Dodgeball World Championship
- Sport: Dodgeball
- Founded: 2012; 14 years ago
- First season: Dodgeball World Championship
- Continent: International (World Dodgeball Federation (WDBF)
- Website: worlddodgeballfederation.com/

= Dodgeball World Championship =

Dodgeball competition

The Dodgeball World Championship is a dodgeball competition for both men's and women's national teams. The event is organised by the World Dodgeball Federation, the sport's global governing body.

It was initially an open event, but this stopped as membership of the organisation grew, and now works by qualification. In 2021, WDBF's membership reached 80 members, all also members of the relevant continental federations.

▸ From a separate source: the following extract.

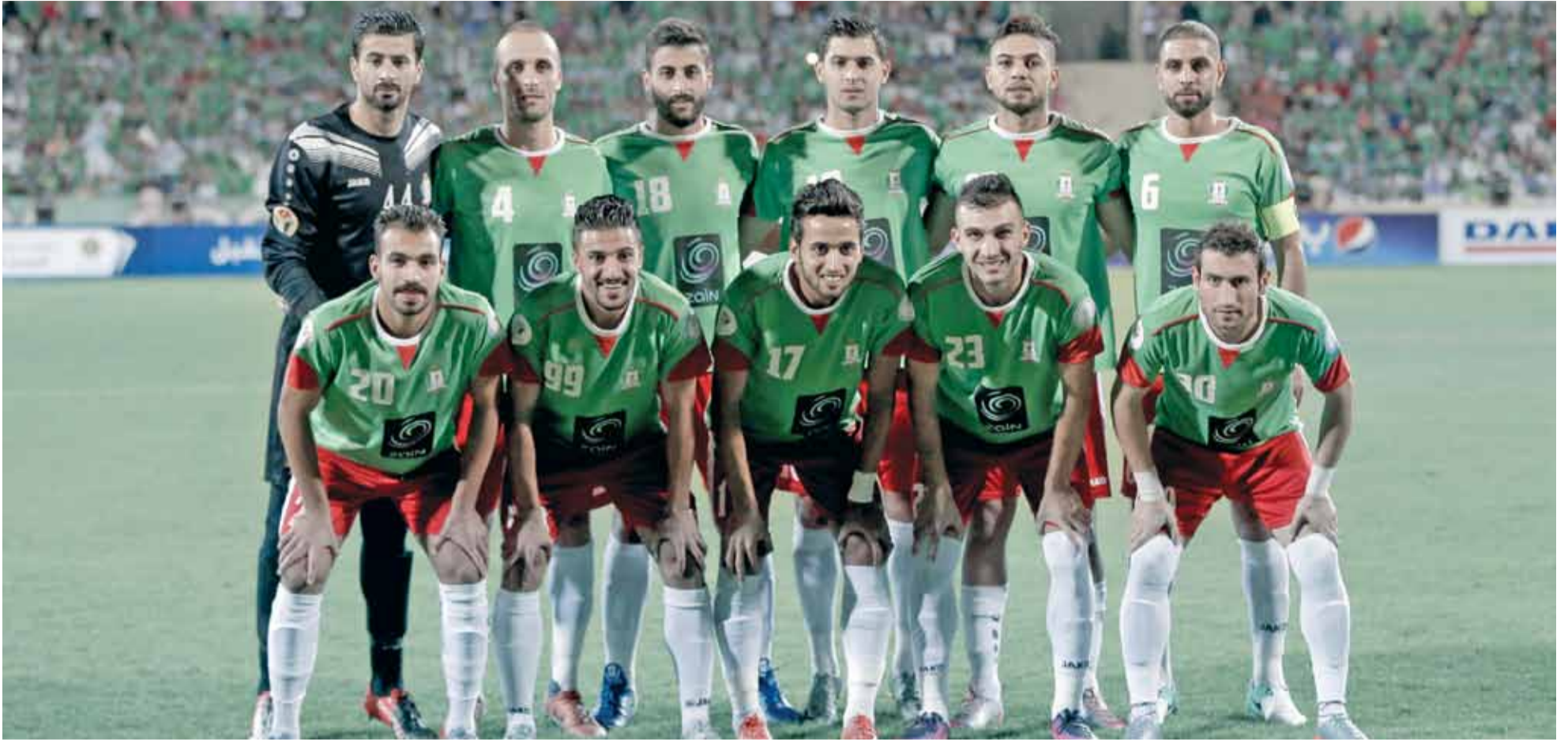
فريق الوحدات لكرة القدم

While foam balls were the only type used in previous editions, since 2022 the Dodgeball World Championship has been contested in two categories: foam and cloth.

The eleventh world championship competition will be held in Bangkok in December 2026.

== Winners==
Below is a list of winners since the first event in 2012.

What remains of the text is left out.